まず検討したのは、県別の年齢調整済み高血圧者率と、県別の1日当たり食塩摂取量、野菜摂取量、飲酒、喫煙、歩数(厚生労働省「国民栄養基礎調査2012」を参照)との相関関係。
調査の結果、県別の高血圧者率と食塩摂取量、野菜摂取量、飲酒、喫煙との間に相関はなく、1日当たりの歩数のみ有意な負の相関があった。すなわち、住民の歩数が少ない県ほど高血圧者率が高かった。大都市を擁する県ほど歩数が多く、高血圧者率が低い傾向もみられた。

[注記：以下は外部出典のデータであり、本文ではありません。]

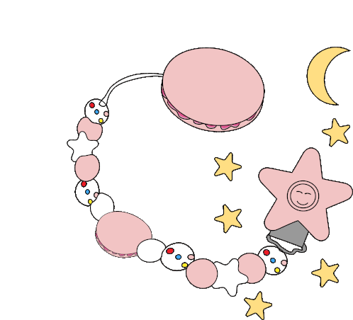 Animated sticker featuring 'Chmurkowe Love Terazwy' with celestial elements like the moon and stars, connected by a chain.
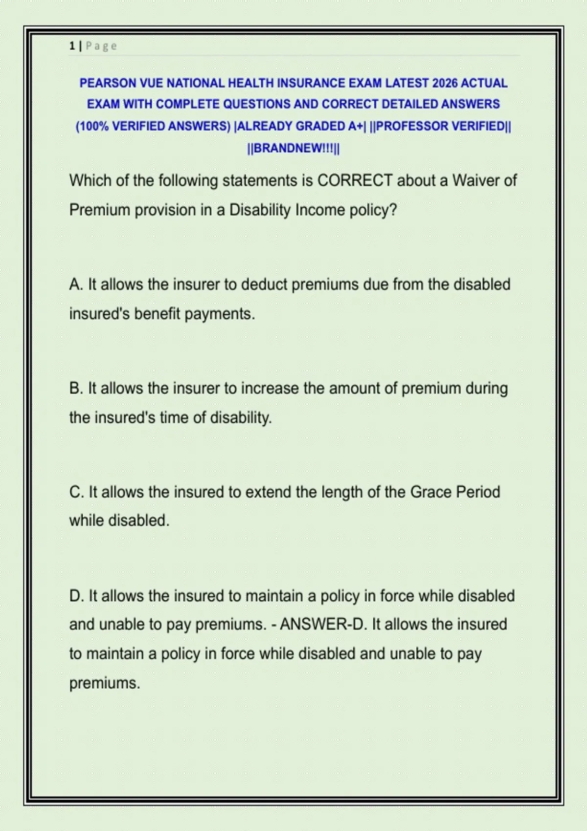 PEARSON VUE NATIONAL HEALTH INSURANCE EXAM LATEST 2026 ACTUAL EXAM WITH COMPLETE QUESTIONS AND CORRECT DETAILED ANSWERS (100% VERIFIED ANSWERS) |ALREADY GRADED A+| ||PROFESSOR VERIFIED|| ||BRANDNEW!!!||
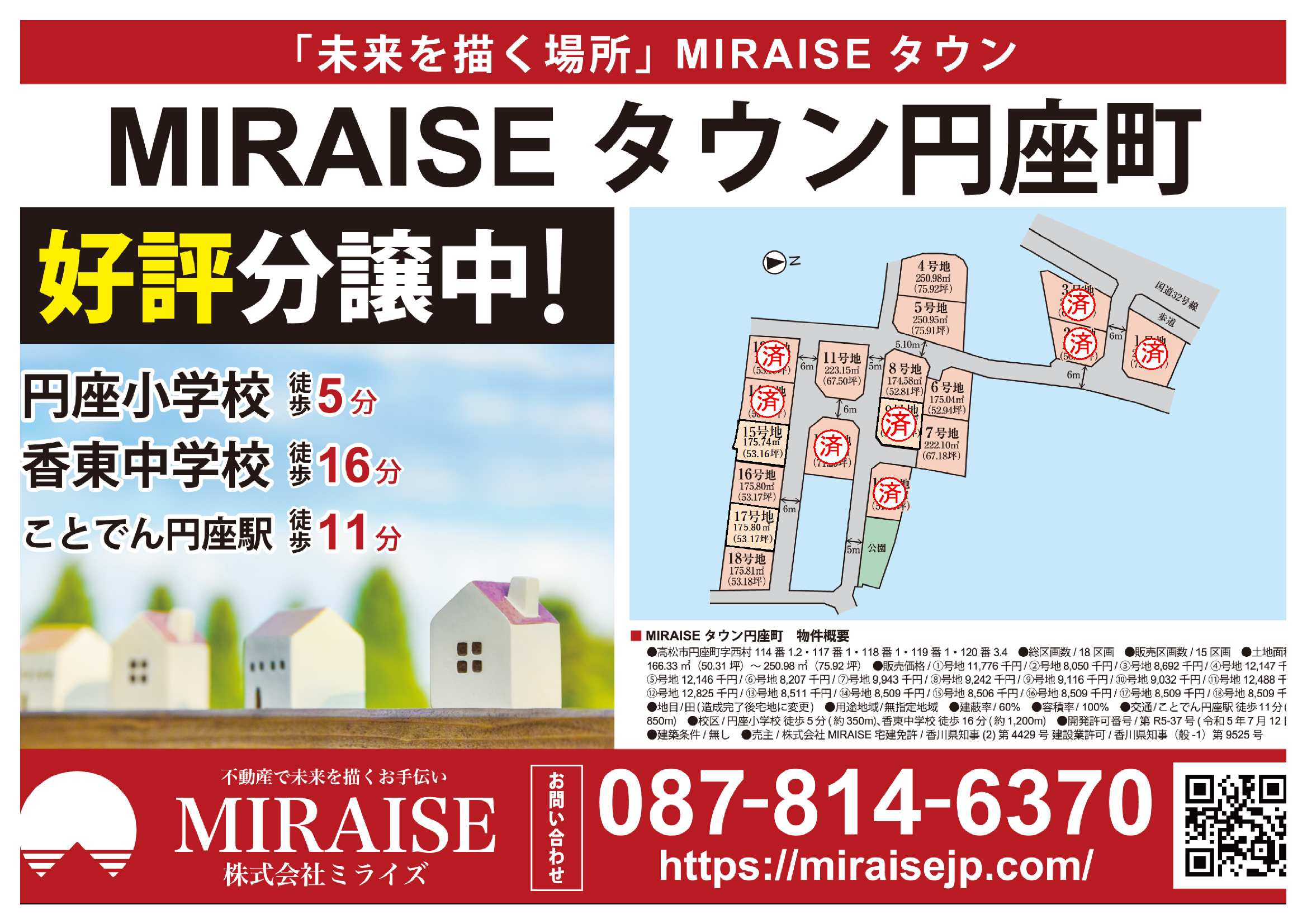 円座小学校 徒歩5分、香東中学校 徒歩16分、ことでん円座駅 徒歩11分

次に同氏は、歩数に関連する要因として、住民の主な移動手段が電車であるか、車であるかに着目。県別の「可住地面積100平方km当たり鉄道駅数」を算出して、歩数との相関分析を行った。その結果、県別の鉄道駅数と歩数の間に、有意な正の相関があった。つまり鉄道駅数が多い県ほど県民の歩数が多かった。和歌山県は、軽自動車普及率が全国1位で60.8%に上る。県別の軽自動車普及率と歩数の間には有意な負の相関があった。さらに、県別の軽自動車普及率と高血圧者率の間には、有意な正の相関があった。こうした検討を踏まえて同氏は、「10分以上の継続歩行は心肺機能を高める有酸素運動であり、血圧の上昇が抑制される可能性がある。和歌山県の住民は、車が主たる移動手段であまり歩かないために、その逆のパターンになっているのではないか」と考察した。そして高血圧の予防には、食事や運動のほか、住環境がもたらす影響にも目を向けて住民に啓発を行う必要があるとまとめた。